Philadelphia, June 11, 2020 - Diabetic retinopathy is a common complication of diabetes and a leading cause of blindness among the working-age population. A new study in the American Journal of Pathology reports that visual function in diabetic mice was significantly improved after treatment with a single dose of visual chromophore 9-cis-retinal, a vitamin A analog that can form a visual pigment in the retina cells, thereby producing a light sensitive element of the retina.

"In an earlier study we found that diabetes causes vitamin A deficiency in the retina, which results in deterioration of vision, even before any vascular changes can be seen. That finding led to the assumption that early changes in vision in diabetes are probably caused by vitamin A deficiency in the retina," explained lead investigator Gennadiy Moiseyev, PhD, Department of Physiology, University of Oklahoma Health Sciences Center, Oklahoma City, OK, USA.

In the current study investigators hypothesized that treating diabetic mice with 11-cis-retinal could rescue visual function. They investigated its effect in Akita mice, a genetic model of type 1 diabetes, by measuring electroretinogram (ERG) responses, retinal oxidative stress, and neuronal apoptosis (cell death). ERG was performed on two groups of three-month-old Akita mice and one group of non-diabetic control mice matched for age and genetic background. One group of Akita mice was treated with 9-cis-retinal and the other with a vehicle solution. Average blood glucose concentrations and body weights of the mice were measured monthly during the study. Akita mice showed high glucose concentrations throughout the study. ERG recordings and rhodopsin assay were performed two hours after 9-cis-retinal injection, whereas assessment of cell death by ELISA and TUNEL assay were both performed 24 hours after the injection.

Results showed that the visual function in diabetic mice improved significantly after treatment with the single dose of 9-cis-retinal.
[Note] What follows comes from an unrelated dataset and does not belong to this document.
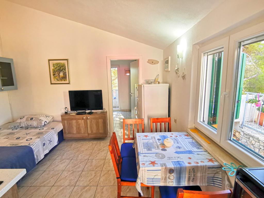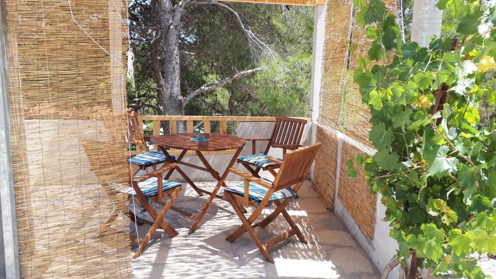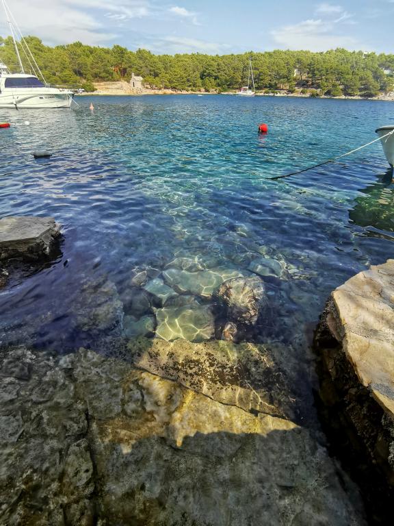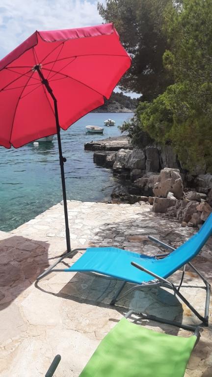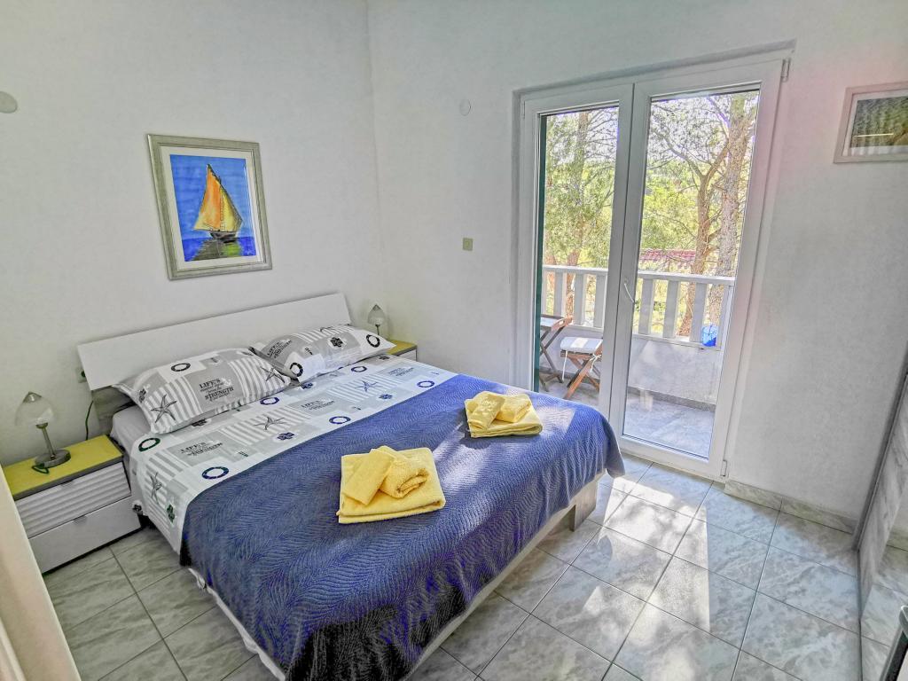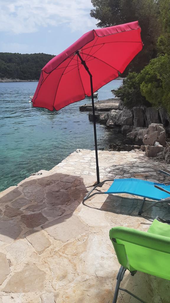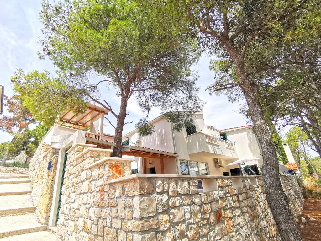 Dwa apartamenty nowocześnie wyposażone i klimatyzowane, położony w pięknym sosnowym lasy, zatoki smiještenena w południowo-zachodniej części wyspy, 30 m od morza, który jest również i plaża. Apartamenty składają się z kuchni, salonu, sypialni i łazienki. Każdy apartament posiada własne patio i miejsce parkingowe. Najbliższe miasto Milna, znajduje się w odległości 1500m, czyli 15 min spacerem.

In addition, researchers reported that the treatment reduced oxidative stress in the retina, decreased retina cell death and retina degeneration, and improved visual function.

"This work supports our novel hypothesis that diabetes-induced disturbance of the vitamin A metabolism in the eye is responsible for reduced visual function in early stages of diabetic retinopathy," commented Dr. Moiseyev. "Currently, there is no available therapy to prevent the development of the retinal complication in patients suffering from diabetes. This study suggests that the delivery of visual chromophore to the diabetic eye may represent a potential therapeutic strategy for the early stages of diabetic retinopathy to prevent vision loss in patients with diabetes."
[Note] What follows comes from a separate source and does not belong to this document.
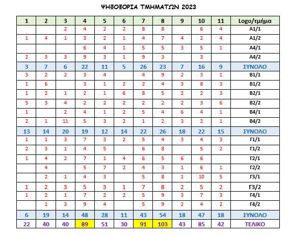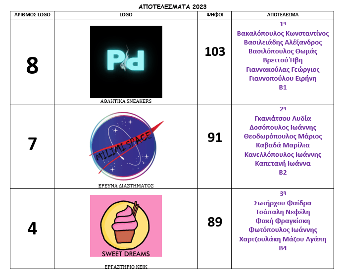 Σε δημοσκόπηση που έγινε, με τη συμμετοχή των μαθητών των τμημάτων Α1, Α4, Β1, Β2, Β4, Γ1, Γ2, Γ3 και Γ4 για το ποιο λογότυπο εταιρείας (κατά την άποψή τους) παρουσιάζει ενδιαφέρον και τους αρέσει περισσότερο, οι ομάδες που συγκέντρωσαν τις περισσότερες προτιμήσεις είναι:

Traditionally, diabetic retinopathy was considered a disease caused by the pathology of blood vessels in the retina, whereby light-sensitive tissue at the back of the eye (fundus) becomes damaged. Patients with diabetes often experience functional deficits in dark adaptation, contrast sensitivity, and color perception before any microvascular pathologies are detected on the eye fundus. However, recent data underscore the importance of vitamin A for normal visual function. It serves as a precursor for light-sensitive 11-cis-retinal, the chromophore of visual pigments that can produce a light-sensitive protein in the retina.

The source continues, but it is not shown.